Le dispositif d’aménagement du recours suspensif proposé à cet égard dans le projet de loi répond à l’ensemble de ces prescriptions.

Sur la disposition prévoyant que le droit au maintien sur le territoire du demandeur d’asile cesse à compter de la lecture de la décision en audience publique et non plus à sa notification : il convient de rappeler que la notification régulière d’une décision de justice conditionne son caractère exécutoire et fait partir le délai de recours. En revanche, les décisions de justice acquièrent leur autorité dès leur lecture, voire leur prononcé. Le conseil d’Etat a eu l’occasion de se prononcer sur le cas des décisions du juge de l’asile (Conseil d’État, n°138967, 26 novembre 1993 ; Conseil d’État, n°145144, 31 juillet 1996 ; Conseil d’État, n° 172345n 29 décembre 1997).

4.2. IMPACTS SOCIAUX

En réduisant les délais de procédure, les dispositions de ce texte permettront aux demandeurs d’asile bénéficiant d’une protection de s’engager plus rapidement dans un parcours d’intégration. Ces mesures contribueront à assurer une plus grande fluidité dans le parc d’hébergement des demandeurs d’asile. S’agissant des personnes dont la demande est en définitive rejetée, il rendra plus aisé le retour dans le pays d’origine parce que les personnes concernées auront développé moins d’attaches en France.

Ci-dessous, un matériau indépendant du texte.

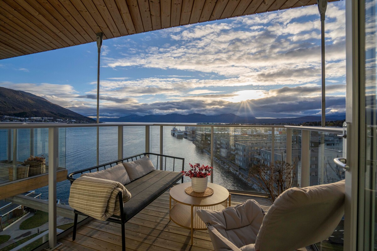Hög standard, modern lägenhet med fantastisk havs-, bergs- och stadsutsikt. Njut av norrsken eller midnattssolen från lägenhetsfönstret eller terrassen. Härifrån har du enkel tillgång till både stadslivet, havet och bergen. Lägenheten ligger 10-15 minuters bilresa från flygplatsen.
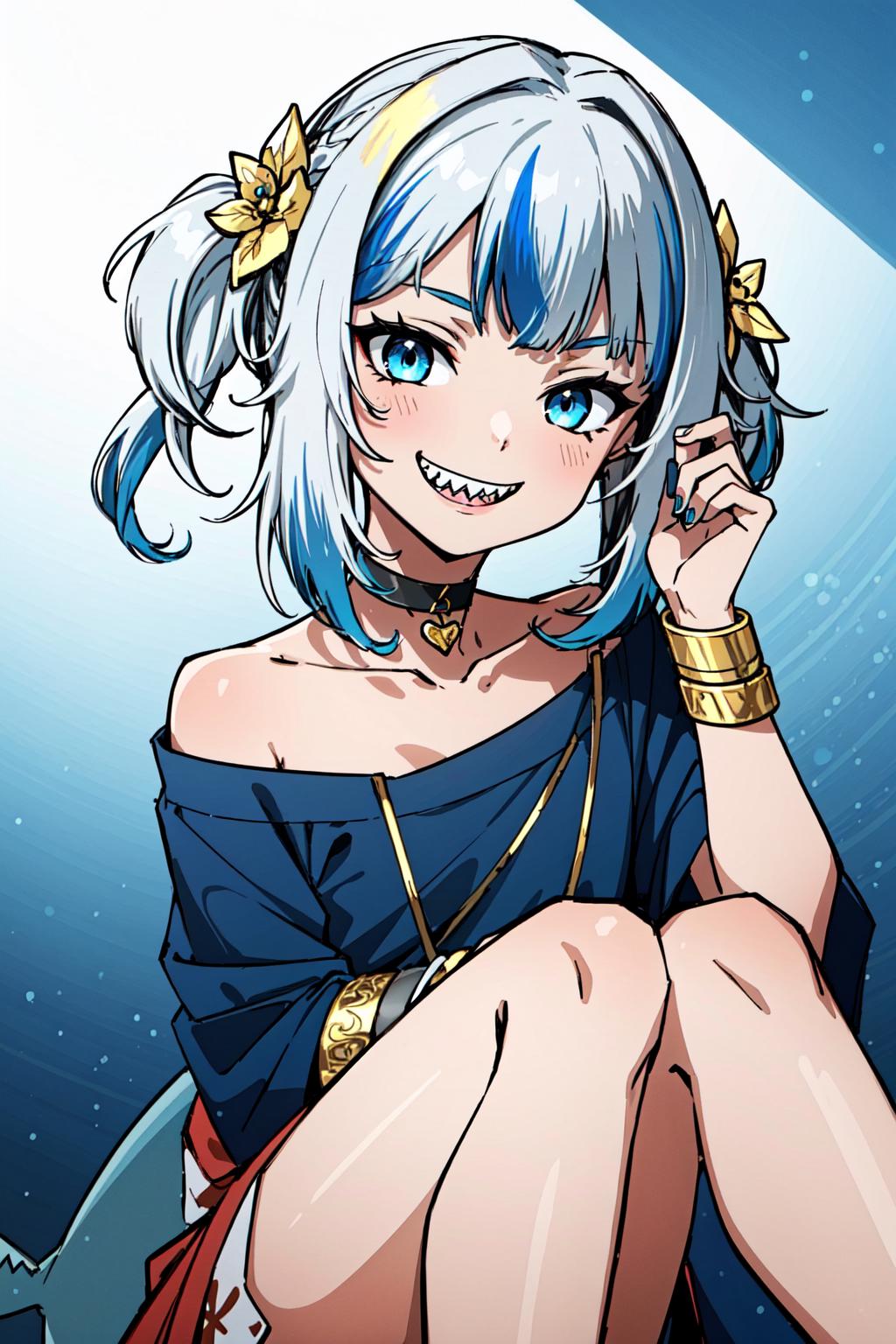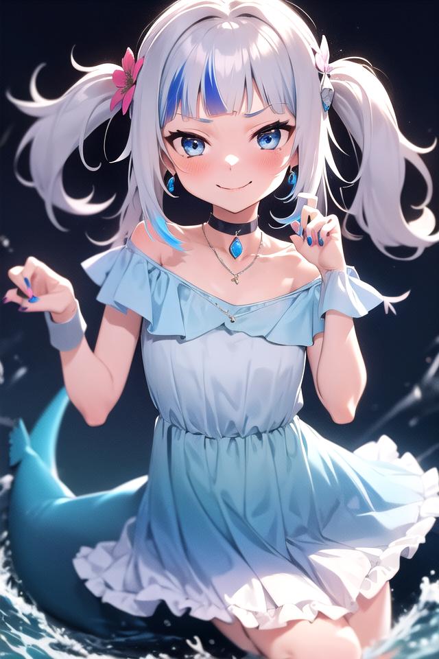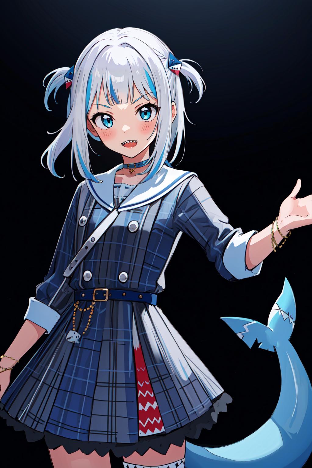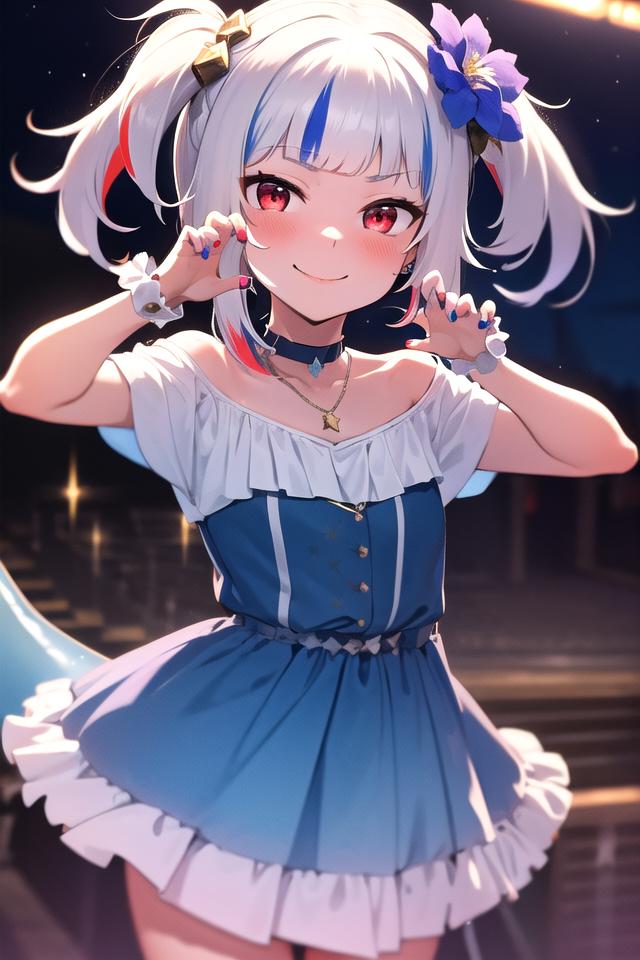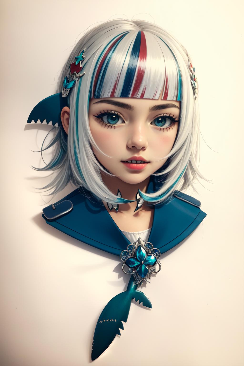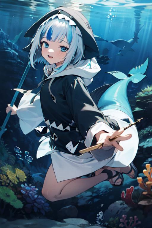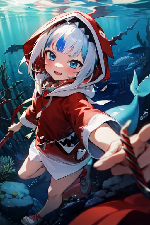Gura, multicolored hair, blue eyes, blue spear, or just " spear "or just it's not prompt

4.3.IMPACTS ÉCONOMIQUES ET FINANCIERS

Le raccourcissement des délais d’instruction des demandes participera à une réduction des coûts afférents à la prise en charge des demandeurs d’asile.

A terme, ces dispositions devraient décourager les personnes dont la motivation de la demande est étrangère à un besoin de protection et par conséquent réduire la charge pesant sur les autorités et juridictions intervenant dans toute la chaîne de l’asile.

Enfin, la dématérialisation de la notification des décisions de l’OFPRA, au nombre de 70 319 en 2016 et 89 307 en 2017, permettra de réduire de façon notable les coûts attachés à leur expédition par lettre recommandé avec accusé de réception (6 euros par courrier) lesquels représentent actuellement plus de 420 000 euros.

55 4.4. IMPACTS SUR LES SERVICES ADMINISTRATIFS

Plusieurs des dispositions de ce projet de loi concourront à clarifier, simplifier et à moderniser les procédures administratives notamment devant l’OFPRA. Tel est en particulier le cas des dispositions sur la clôture, de celles sur la notification des décisions de l’office et des dispositions prévoyant que la demande d’asile concerne l’ensemble de la famille, comme celles prévoyant que le demandeur doit indiquer, en amont, les langues dans lesquelles il peut être entendu en entretien. Ces mesures faciliteront l’organisation des entretiens par l’office, notamment en ce qui concerne le recours aux interprètes.

4.5.IMPACTS SUR LE FONCTIONNEMENT DES SERVICES LA JUSTICE

Les dispositions élargissant les possibilités de recours à la vidéo-audience devant la CNDA devraient faciliter l’organisation des audiences.

De même, l’aménagement du recours suspensif dans certains cas pourrait conduire à alléger à terme la charge pesant sur la Cour et découlant du traitement de ces contentieux en procédure « courte ».

Simultanément, conférer à la juridiction administrative, dans ces mêmes hypothèses, le soin d’apprécier s’il y a lieu ou non d’accorder le caractère suspensif au recours ne devrait pas entraîner une charge excessive puisque cette mission s’exercera dans le cadre du contentieux de l’éloignement.

Les dispositions prévues relatives au statut des juges doivent améliorer l’efficacité de la juridiction et contribuer à une plus grande cohérence entre les fonctions exercées par les magistrats judiciaires et administratifs officiant à la CNDA.